Renderer coupled with OpenGL

The renderer component is tightly coupled to OpenGL ES. It uses OpenGL ES as its only preferred rendering backend. Furthermore, MapLibre Native does not have a clear separation between the following:

  1. The logical responsibility of rendering a map tile. This involves sourcing layers, applying styles, fetching glyphs and sprites for a map tile.

  2. Rendering a prepared map tile in a rendering loop for a graphics API such as OpenGL.

The current rendering loop is only implemented for OpenGL. In 2018, Apple deprecated OpenGL for both iOS 12 and macOS in favour of Metal. Metal is Apple's own 3D graphics API. MapLibre Native's sole dependency on OpenGL ES puts it in a risk of deprecation for iOS customers.

Lack of support for other map projections except Web Mercator

MapLibre Native supports Web Mercator (EPSG:3857) as its only supported projection. This fulfills most of the web and device map needs. At the time of writing, modern map renderers such as Google Maps and Mapbox GL offers 3D globe, conic, and rectangular projections too. At the time of writing, MapLibre Native renderer component does not have an architectural separation for supporting multiple projections and coordinate reference systems.

Inconsistency among platforms

Each MapLibre Native platform has a Map View and Map Renderer component. The inconsistency introduced due to differences in concurrency model and programming language is unavoidable. But from an abstractions point of view there are inconsistencies that can be mitigated:

  1. Map Configuration is modeled inside MapLibre Native Core, the shared cross platform codebase. Each platform creates its own configuration class and creates a shadow native object. The native configuration object is consistent across platforms but the platform specific configuration is not.

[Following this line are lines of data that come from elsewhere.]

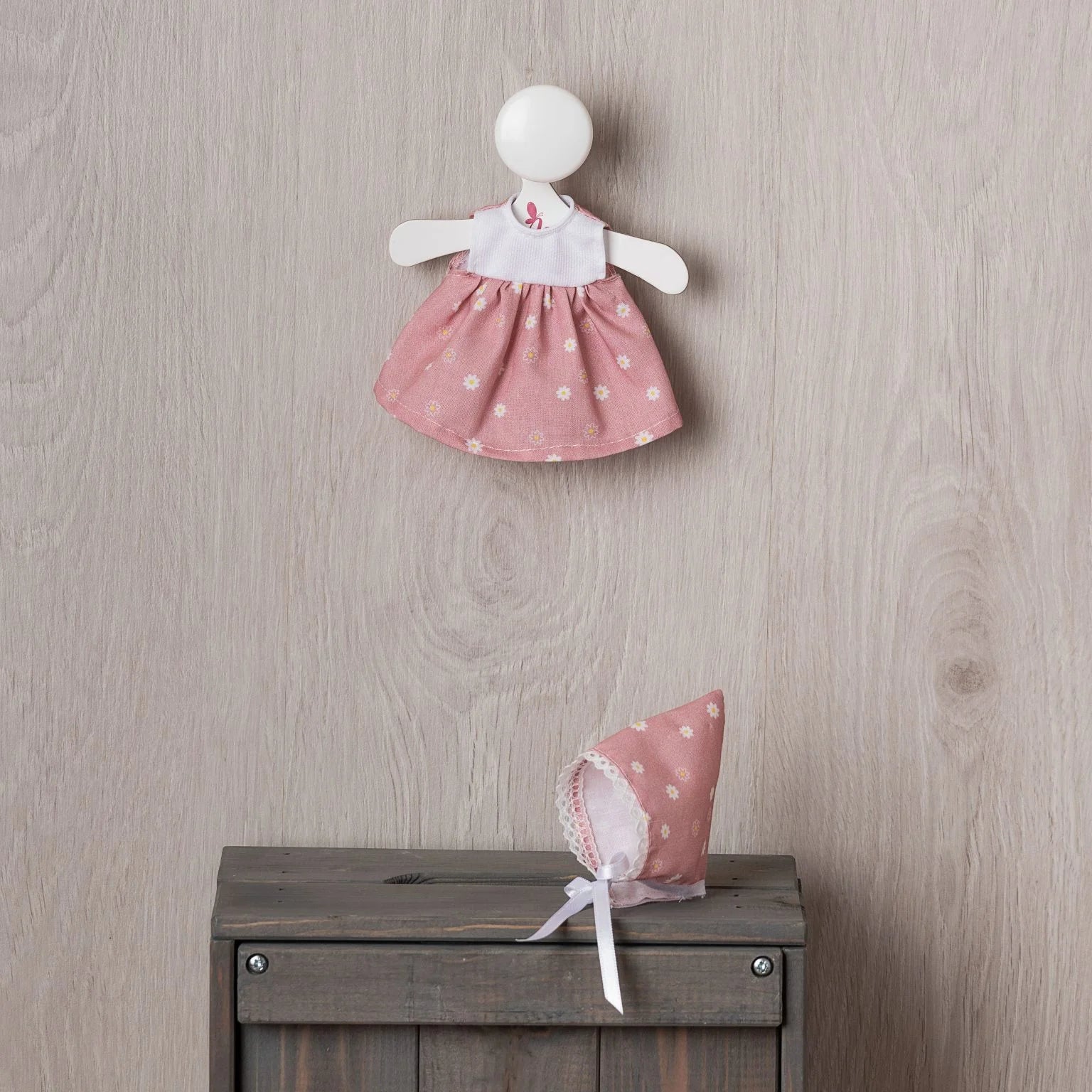 Este vestido para muñeco de 20 cm viene presentado con una percha de cartón.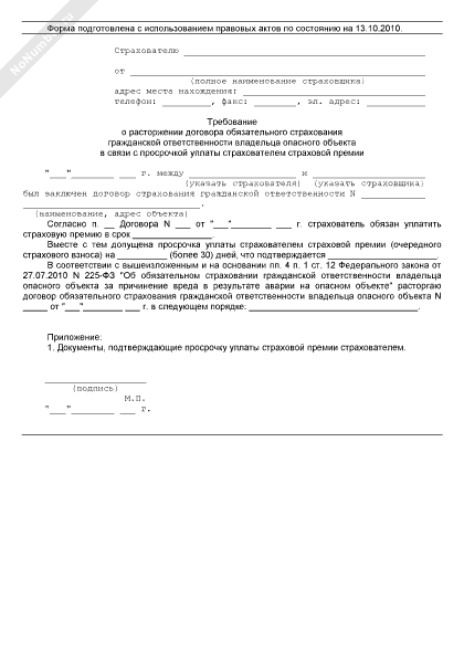 - 1456Требование страховщика о расторжении договора обязательного страхования гражданской ответственности владельца опасного объекта в связи с просрочкой уплаты страхователем страховой премии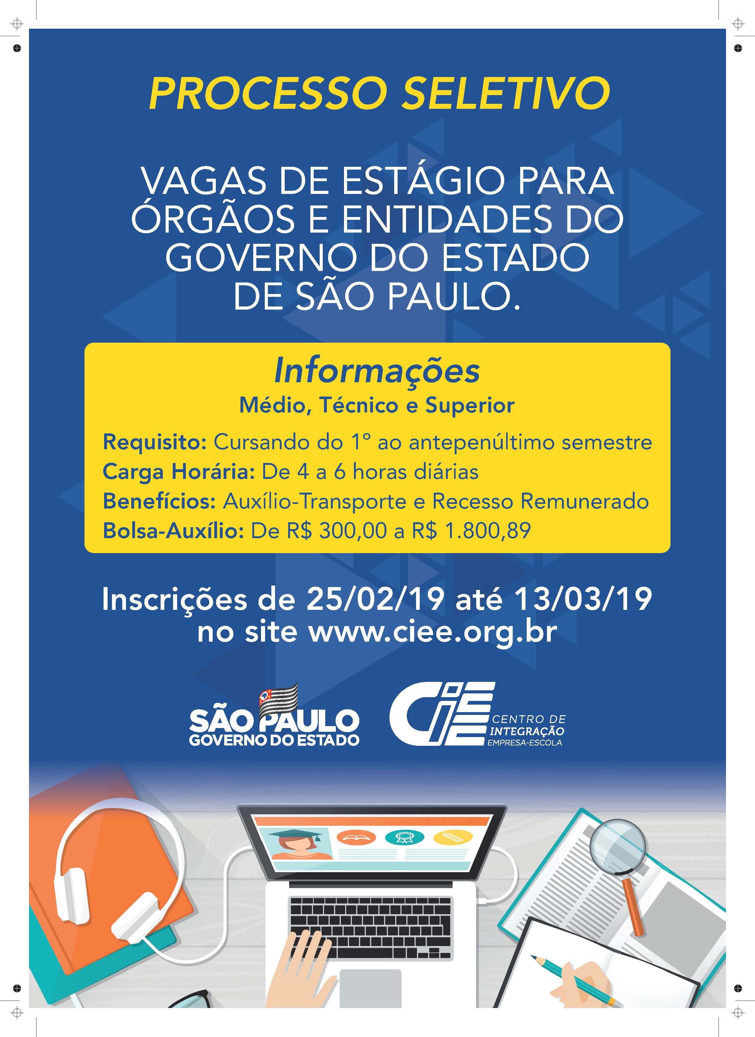 Inscrições abertas para estágios no Governo do Estado de São Paulo!!!
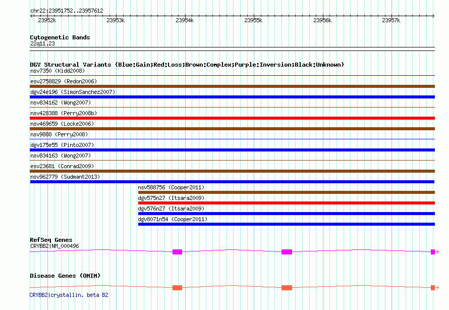 Variant DetailsVariant: nsv962779| Internal ID | 18598021 | | Landmark | | | Location Information | | | Cytoband | 22q11.23 | | Allele length | | Assembly | Allele length | | hg38 | 5861 | | hg19 | 5861 | | hg18 | 5861 |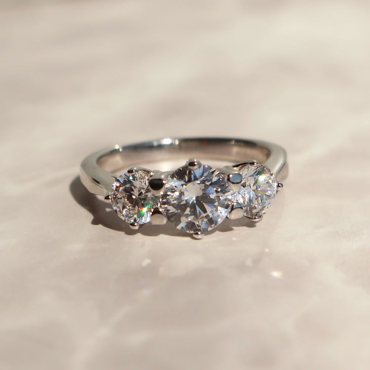 ジュエリーに用いられるダイヤモンドと同様の精巧なカットを実現した、特別なキュービックジルコニアを使用したリング。そのカット技術により、光を最大限に反射し、曇りのない美しく眩い輝きを放ちます。大ぶりなストーンを3石使用した華やかなデザイン。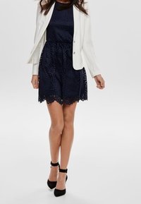 Femme portant une robe en dentelle bleu marine avec un ourlet festonné et un blazer blanc à deux boutons par-dessus, debout devant un fond uni.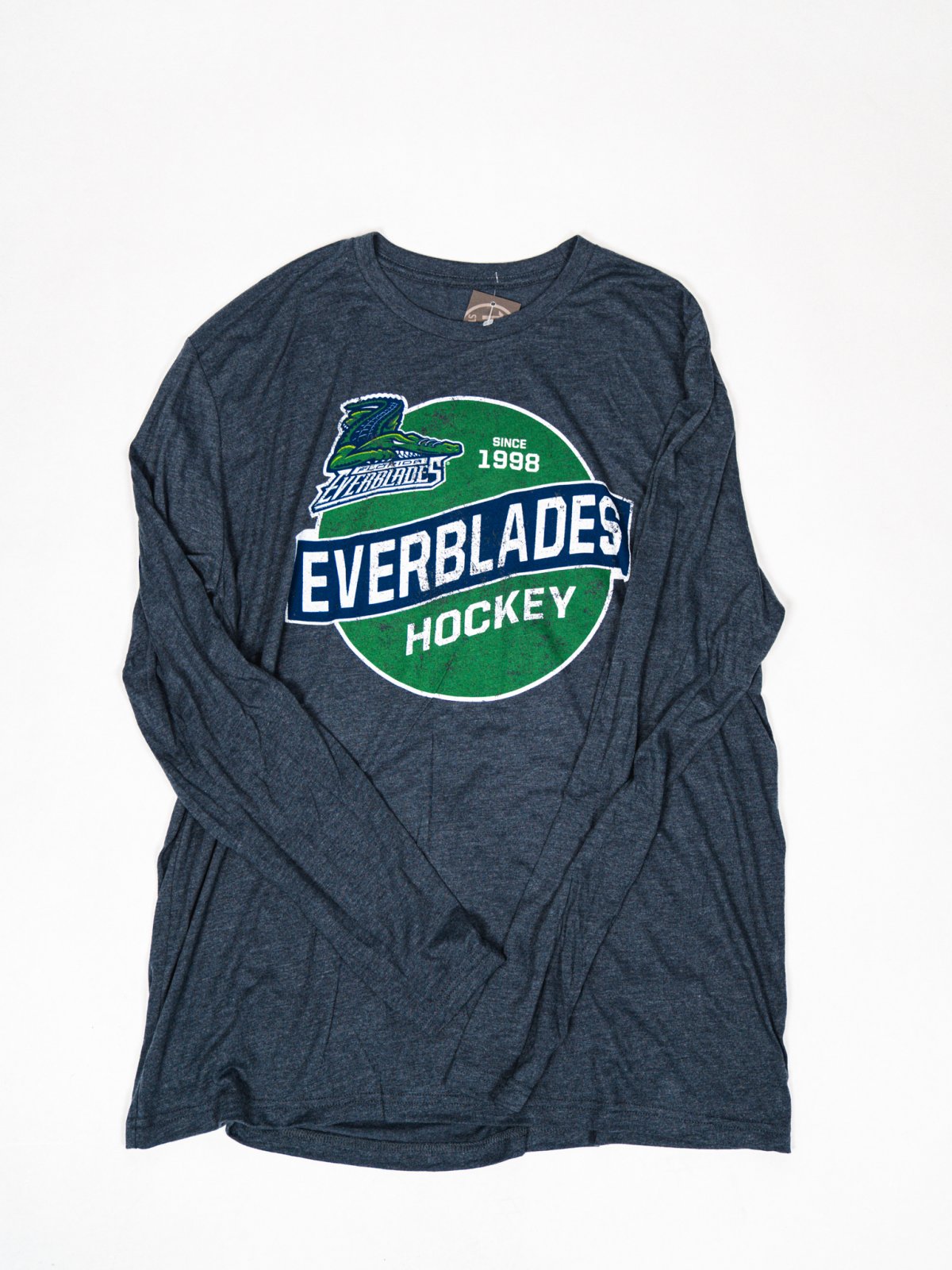 Stay comfortable and show off your team pride with this Everblades Long Sleeve Retro Shirt. Made for ultimate comfort, this shirt is perfect for any fan or sports enthusiast. With its long sleeve design, you can keep warm while cheering on your team. Perfect for any game day or casual outing.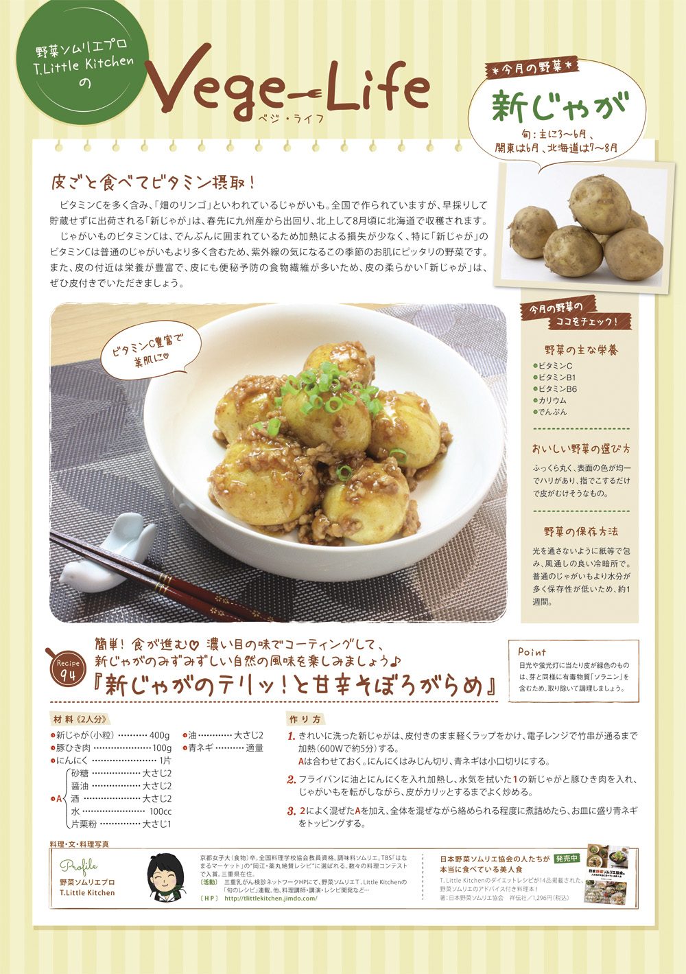 freeK92(5月号)の野菜ソムリエプロ T.Little KitchenのVege-Life(ベジ・ライフ)では、旬の食材「新じゃが」を使ったレシピをご紹介。

  2. MapLibre Native has a sister repository named MapLibre GL JS. At the time of writing, MapLibre GL JS does not share any code with MapLibre Native except shaders, the style specification, and render test fixtures. This creates a feature inconsistency across web and device experience for customers. The rendering architecture is also different between Web and Mobile. MapLibre GL JS currently uses WebGL through completely different implementations for Map, Style, Layers, Glyph, and TileWorker.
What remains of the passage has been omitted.